The Crowd Out Question

This Week: Does GAI crowd out human creators, better attention priors, augmenting llm’s, simulating subjects, llm hypotheses, machine bias

Does Generative AI Crowd Out Human Creators? Evidence from Pixiv

Yes

“First, illustration posts experience a loss of viewer attention, measured by bookmarks, following the AI launch, which can significantly harm creators’ business models. Second, direct competition from AI-generated content plays an important role: illustrators working on intellectual properties (IPs, such as Pokémon) that are more heavily invaded by AI reduce their uploads disproportionately more. We further examine creators’ responses and show that illustrators with greater exposure to AI avoid using tags favored by AI- generated content after the AI launch and broaden the range of IPs they work on, consistent with a risk-hedging response to AI invasion.”

kim-1.png

“On average, our results indicate a 10.1% reduction in post uploads for illustrators (the treated group) following the AI launch. Investigating heterogeneous effects further, we find that (1) com- mercial creators who attach links to commercial websites (e.g., for paid subscriptions) experience a larger chilling effect of 14.3%, and (2) the chilling effect is disproportionately large for creators in the top 1% of productivity, measured by monthly post uploads. The second finding helps explain why our estimated chilling effect is smaller than that reported in some existing papers and implies that analyses focusing on the most popular creators may overstate the chilling effect of the AI launch.”

Kim, S., Jin, G. Z., & Lee, E. (2026). Does Generative AI Crowd Out Human Creators?

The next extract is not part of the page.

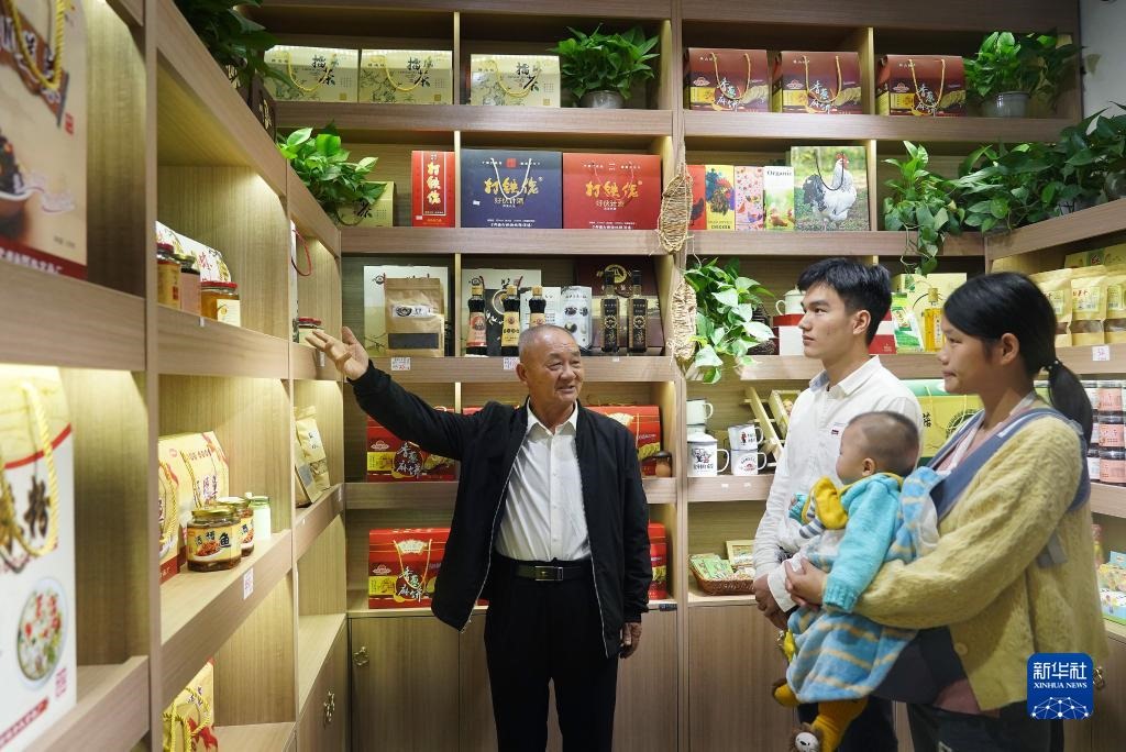 2020年10月21日,江西省贛州市于都縣梓山鎮(zhèn)潭頭村村民孫觀發(fā)(左一)向游客介紹當地的特色農產品。 新華社記者 萬象 攝
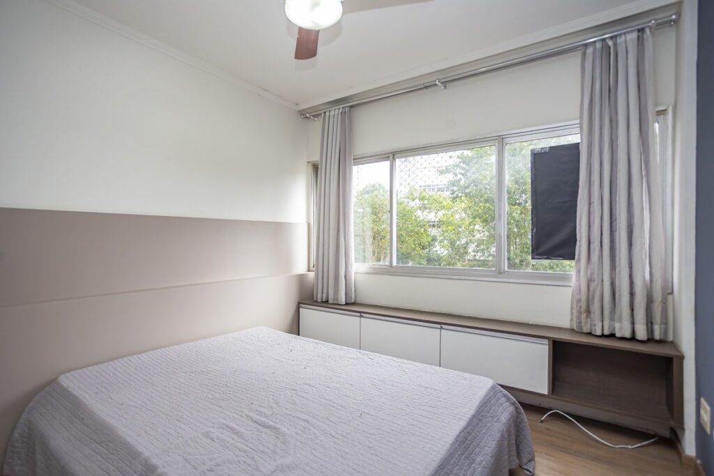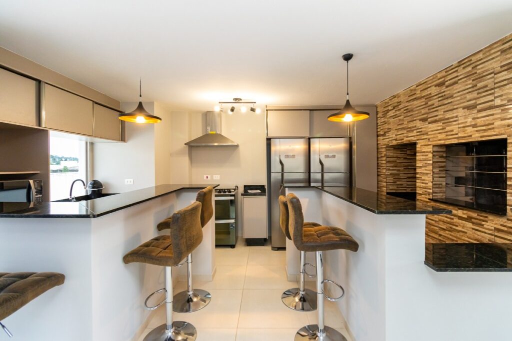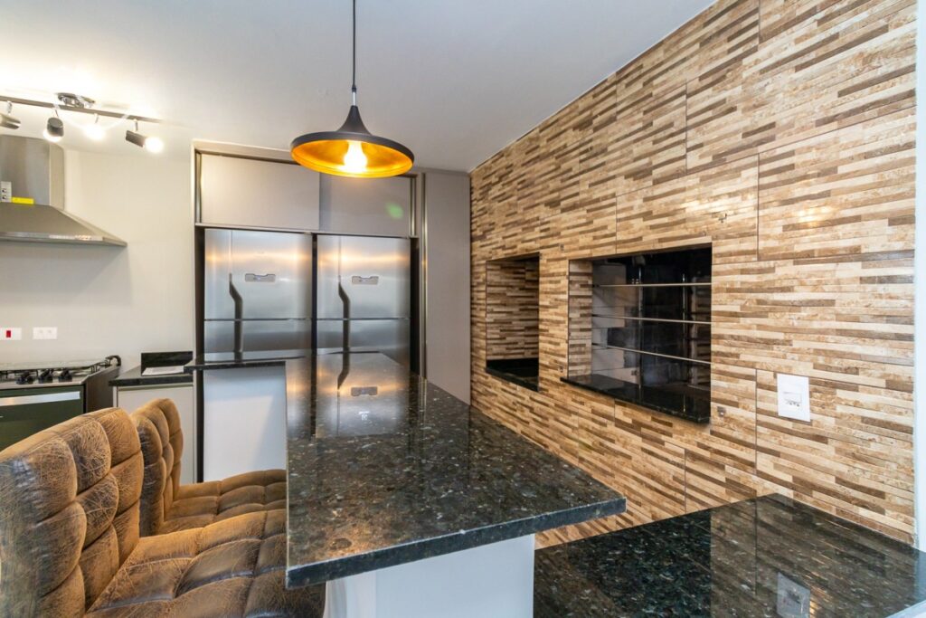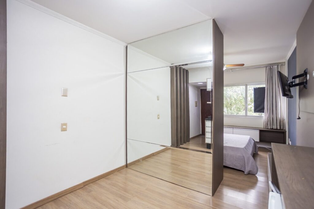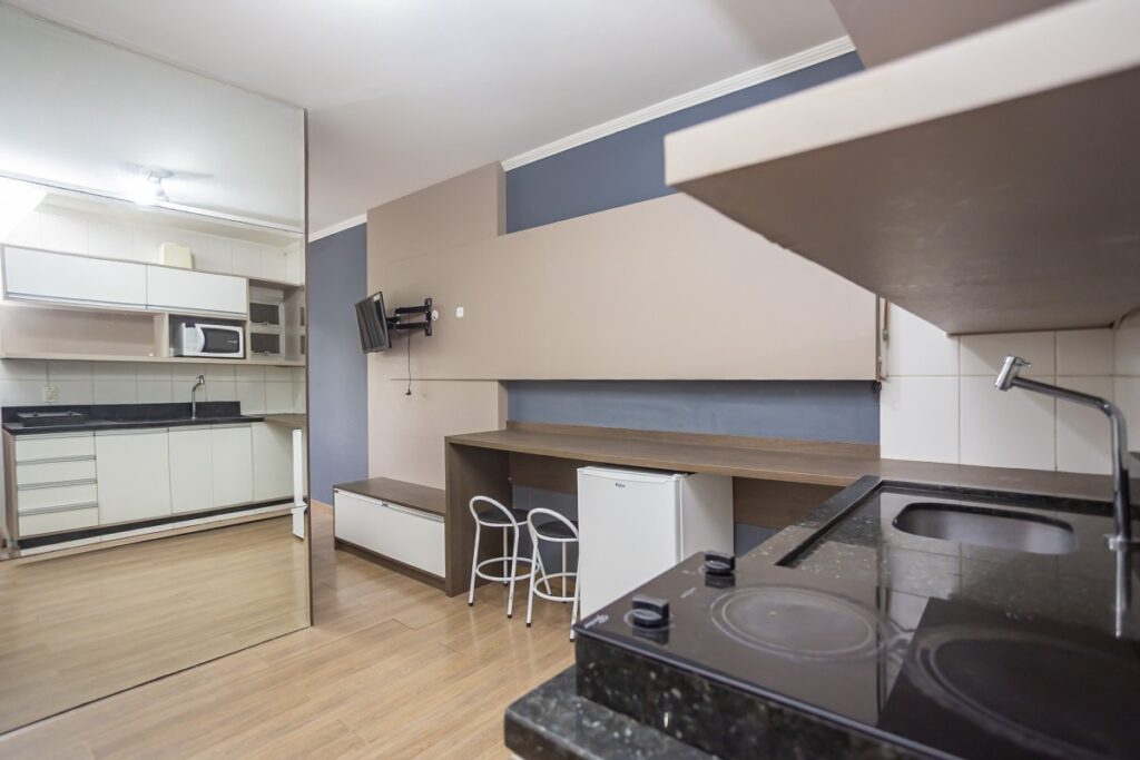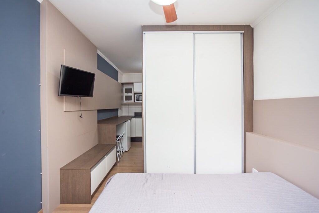 Studio de 24m² pronto para morar, com mobília completa e decoração moderna. O espaço conta com cama de casal, TV, bancada com banquetas e armários planejados, garantindo praticidade e conforto no dia a dia.

Evidence from Pixiv (No. w34733). National Bureau of Economic Research.

http://www.nber.org/papers/w34733

You Need Better Attention Priors

Not baaaaaaaad

“We introduce Generalized Optimal transport Attention with Trainable priors (GOAT), a new attention mechanism that replaces this naive assumption with a learnable, continuous prior.”

“Attention sinks are tokens that absorb probability mass when the query contains little semantic signal. While often viewed as a learned artifact necessary to satisfy the softmax constraint, our EOT formulation offers a first-principles explanation: sinks are the optimal solution to the KL regularized objective in low-signal regimes.”

Litman-Guo.png

“This work identifies that the fragility of standard selfattention, manifesting as poor length generalization and emergent attention sinks, stems from the implicit assumption of a uniform prior within the mechanism’s EOT formulation.”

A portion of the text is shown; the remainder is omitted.